[PROBLEM DETAILS] Drop the images; return everything else in the listing below exactly.

[SUPPLIED DATA]
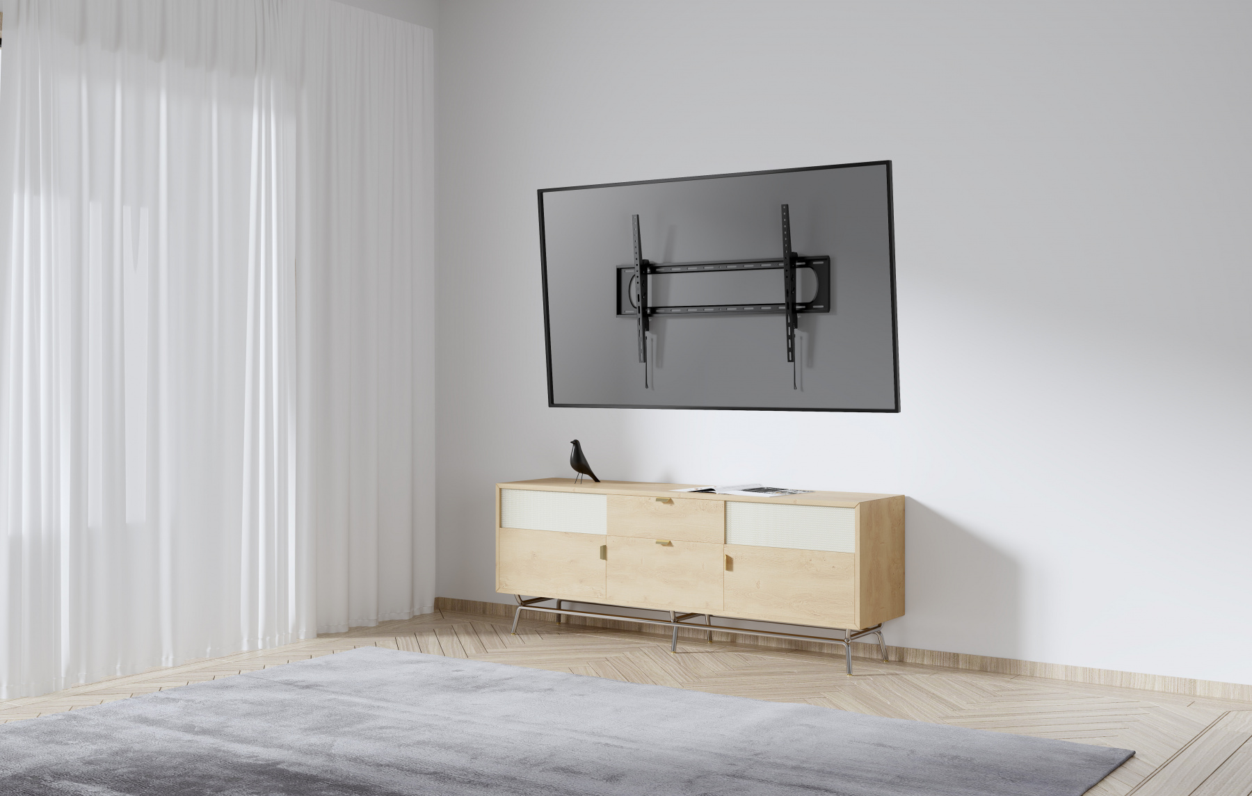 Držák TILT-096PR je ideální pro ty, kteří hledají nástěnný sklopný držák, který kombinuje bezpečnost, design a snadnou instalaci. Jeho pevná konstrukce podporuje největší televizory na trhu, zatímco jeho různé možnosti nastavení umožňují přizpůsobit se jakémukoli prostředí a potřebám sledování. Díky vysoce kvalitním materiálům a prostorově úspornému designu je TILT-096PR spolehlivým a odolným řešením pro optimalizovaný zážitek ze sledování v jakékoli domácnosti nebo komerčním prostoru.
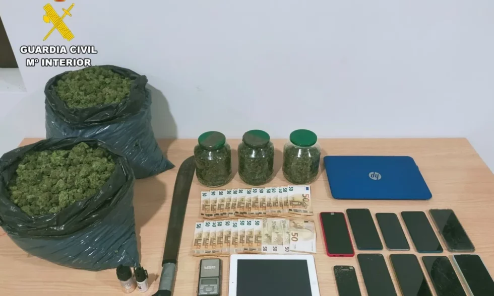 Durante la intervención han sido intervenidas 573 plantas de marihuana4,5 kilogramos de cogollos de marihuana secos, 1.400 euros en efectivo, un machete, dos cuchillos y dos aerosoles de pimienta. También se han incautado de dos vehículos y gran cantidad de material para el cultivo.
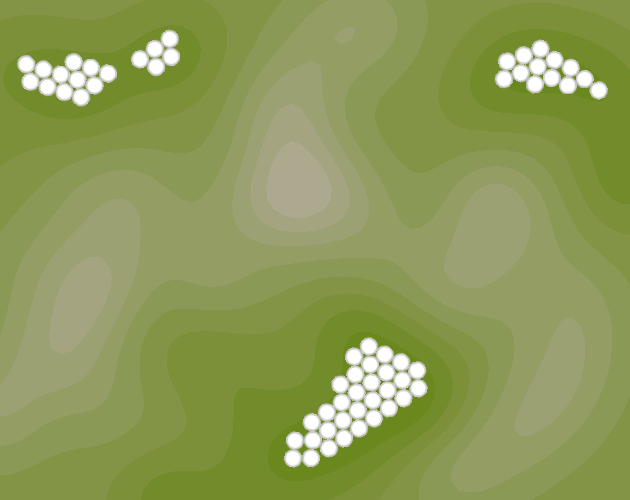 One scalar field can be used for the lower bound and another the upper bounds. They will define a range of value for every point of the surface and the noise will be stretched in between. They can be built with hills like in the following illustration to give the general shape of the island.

[ANSWER TO THIS TASK]
 Držák TILT-096PR je ideální pro ty, kteří hledají nástěnný sklopný držák, který kombinuje bezpečnost, design a snadnou instalaci. Jeho pevná konstrukce podporuje největší televizory na trhu, zatímco jeho různé možnosti nastavení umožňují přizpůsobit se jakémukoli prostředí a potřebám sledování. Díky vysoce kvalitním materiálům a prostorově úspornému designu je TILT-096PR spolehlivým a odolným řešením pro optimalizovaný zážitek ze sledování v jakékoli domácnosti nebo komerčním prostoru.
 Durante la intervención han sido intervenidas 573 plantas de marihuana4,5 kilogramos de cogollos de marihuana secos, 1.400 euros en efectivo, un machete, dos cuchillos y dos aerosoles de pimienta. También se han incautado de dos vehículos y gran cantidad de material para el cultivo.
 One scalar field can be used for the lower bound and another the upper bounds. They will define a range of value for every point of the surface and the noise will be stretched in between. They can be built with hills like in the following illustration to give the general shape of the island.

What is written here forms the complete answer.